Все его суждения были полны идеализма, но идеализма такого приятного, такого старомодного, такого провинциального, такого милого сердцу, что я не мог и не хотел с ним спорить. Слушать его было в удовольствие. Он говорил:
– Для себя я вывел: раз у нас не слишком длинная жизнь, то читать надо только необходимое. Не самое интересное, а самое необходимое. А ведь хочется не только читать, но и перечитывать. Обширная библиотека – не всегда благо. Мечтаю остаться с десятком книг на полке, которые буду перечитывать и «думать». Лучше всего думается в деревне.Впрочем, уже даже не знаю – существует ли сейчас деревня. Живет ли там кто-либо? Не дачники, а те, чье существование зависит только от земли. Настоящих «пейзанов» я еще застал, хотя это было давно, в детстве.
–Я почти не понимаю, на каком языке они говорят, – перебил я его. – Вроде, по-русски, но у них свои интонации, тембр голоса, порядок слов в предложении... Я их обычно переспрашиваю миллион раз.

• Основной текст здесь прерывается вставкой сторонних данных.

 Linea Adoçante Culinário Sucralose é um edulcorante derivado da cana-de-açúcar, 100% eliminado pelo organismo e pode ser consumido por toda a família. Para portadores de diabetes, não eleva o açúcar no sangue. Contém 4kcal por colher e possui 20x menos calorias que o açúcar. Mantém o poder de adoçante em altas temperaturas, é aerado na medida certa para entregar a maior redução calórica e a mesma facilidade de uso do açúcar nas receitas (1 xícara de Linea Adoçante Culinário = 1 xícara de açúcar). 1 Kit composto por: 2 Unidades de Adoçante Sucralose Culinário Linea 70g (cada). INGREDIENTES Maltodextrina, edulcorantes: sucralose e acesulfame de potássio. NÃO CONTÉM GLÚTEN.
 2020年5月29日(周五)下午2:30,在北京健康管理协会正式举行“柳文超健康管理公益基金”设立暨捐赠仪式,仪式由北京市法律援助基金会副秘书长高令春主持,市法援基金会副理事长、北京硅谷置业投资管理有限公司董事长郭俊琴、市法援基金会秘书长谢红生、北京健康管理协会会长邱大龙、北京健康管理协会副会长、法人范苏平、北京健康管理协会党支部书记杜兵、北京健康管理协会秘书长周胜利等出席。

–Это точно! И читать книги – не их главное занятие. Они существуют на границе, где минералы превращаются в органику. То есть там, где начинается жизнь. И поэтому понимают ее без всяких прибамбасов. Давай расскажу про свои впечатления от деревни. Все мои стихи связаны с деревней и детством.
***
–Городок, в котором я родился, сам не очень-то отличался от деревни: на окраинах одноэтажные домики, за домиками – сад и огород, но на центральных улицах – красивые каменные дома, построенные до революции, стройные церкви, похожие на Санкт-Петербургские – в Москве много уютных церквушек, но часто они маленькие и как бы «горбатые». На крыше одной заброшенной церкви мы с друзьями учились курить.

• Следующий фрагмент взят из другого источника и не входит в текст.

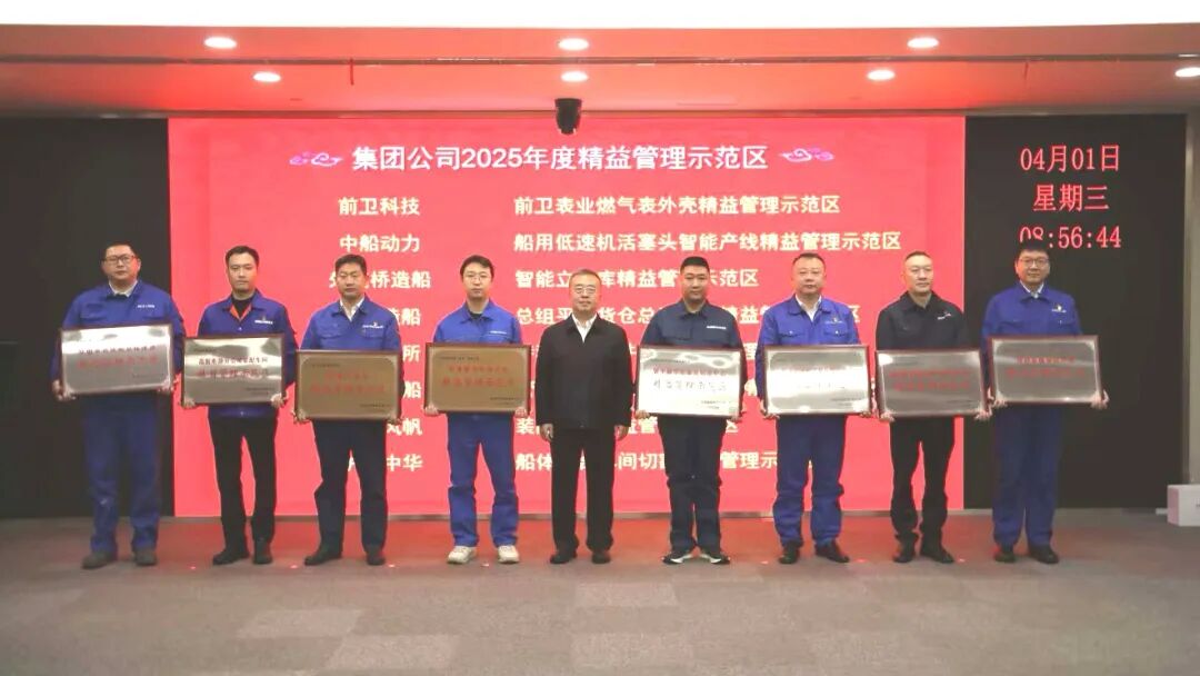 會上,王國強為中船集團2025年度精益管理示范區授牌。經濟運行部介紹集團公司精益管理工作推進情況,外高橋造船、中船動力、中南裝備、江南造船作精益管理工作情況交流。

–В Питере они громадные, неуютные, – вставил я.
–Санкт-Петербург был столицей, и храмы там строились представительные, «столичные». Московские для молитвы более приспособлены, ничего тут не скажешь. Ну да ладно. По воскресеньям и средам в городке были базарные дни: приезжали колхозники на телегах, которые неизменно скрипели; телегу на резиновом ходу рассматривали с любопытством. На асфальте потом долго дымились коричневые конские «яблоки», в распавшихся половинках которых радостно чирикали воробьи. По их гомону сразу было понятно – сегодня воскресенье.
Отец обязательно надевал костюм, когда шел на рынок. Колхозники тоже переодевались. Они это делали прямо у телег. Помню загорелый, бронзовый торс одного крестьянина и его совсем белые ноги с голубыми прожилками варикозных вен. Видно, заниматься сельским трудом сподручнее все-таки в штанах, специально «солнечные ванны» они не принимали. Им солнечные и воздушные ванны доставались даром и слишком часто.

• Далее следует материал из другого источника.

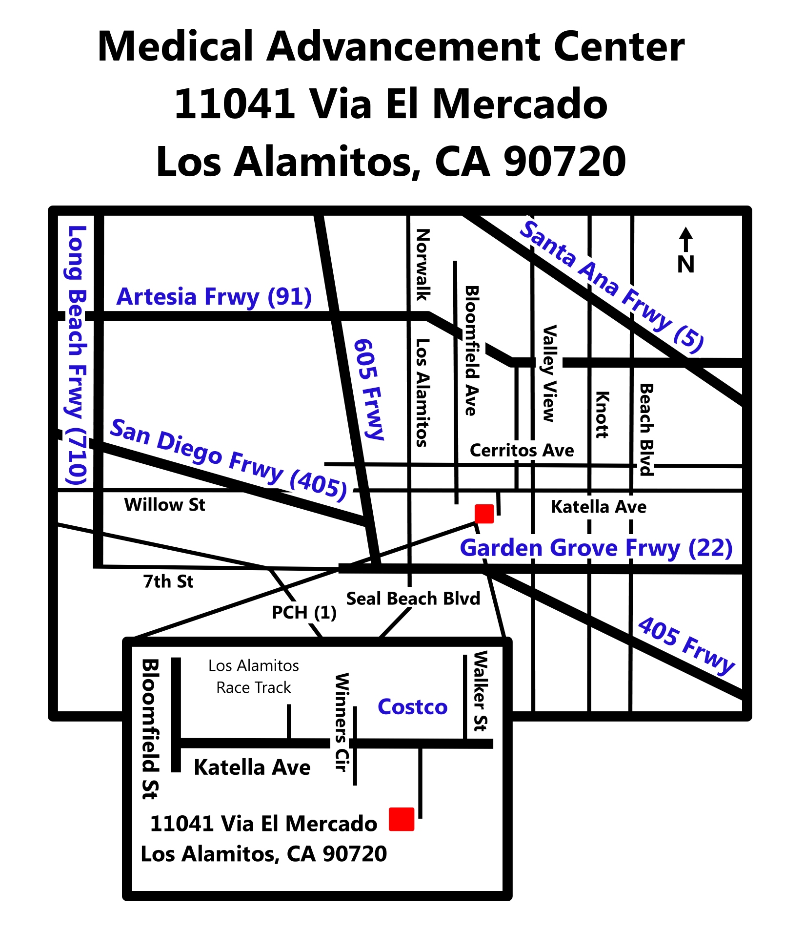 From Katella Ave: Continue east on Katella Ave. Via El Mercado is approximately 2.5 miles east of the 605 Fwy. Turn right onto Via El Mercado, we are on the right, at the end of the street. Via El Mercado is the first street after Winners Circle and across from Costco. The street sign is a little hard to see. If you come to Walker Street you have gone 1 block too far. If you get to Valley View you have gone way too far!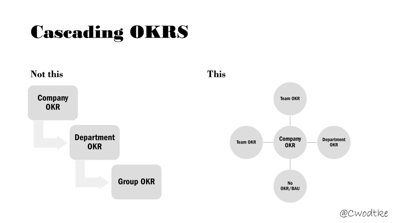 Matt connected this recommendation to Christina Wodtke’s point that in larger organizations the use of OKRs as a long cascade of goals can often be the source of “disconnected” team goals. And that instead of cascading goals, it helps if team goals are directly connected to company goals.

На базаре за отцом плелась вереница женщин: они наблюдали, что покупал отец, и брали вслед за ним. Его выбору доверяли. А он дома говорил, что выбирать продукты просто: «Надо сначала найти опрятную симпатичную женщину, а потом посмотреть, все ли у нее разложено аккуратно».
Конечно, от мамы ему доставалось за «симпатичную» женщину. На базаре отец и познакомился с дядей Федей и тетей Варей. Он часто у них брал продукты. Потом они привозили молоко, творог, сметану и яйца к нам сразу домой. Так тогда было принято. Да и всем удобней.
Помню одни зимние каникулы. Навалило много снега. Дорожки к сараям стали похожи на окопы. На белых дорожках чернели острые угольки — в каждой квартире двухэтажного шестнадцатиквартирного дома была печь для отопления и готовки. Утром на окнах были красивейшие морозные джунгли. Отец приносил ведро угля из сарая, в комнате становилось тепло и джунгли таяли. На подоконниках зимой всегда лежали тряпки для сбора воды.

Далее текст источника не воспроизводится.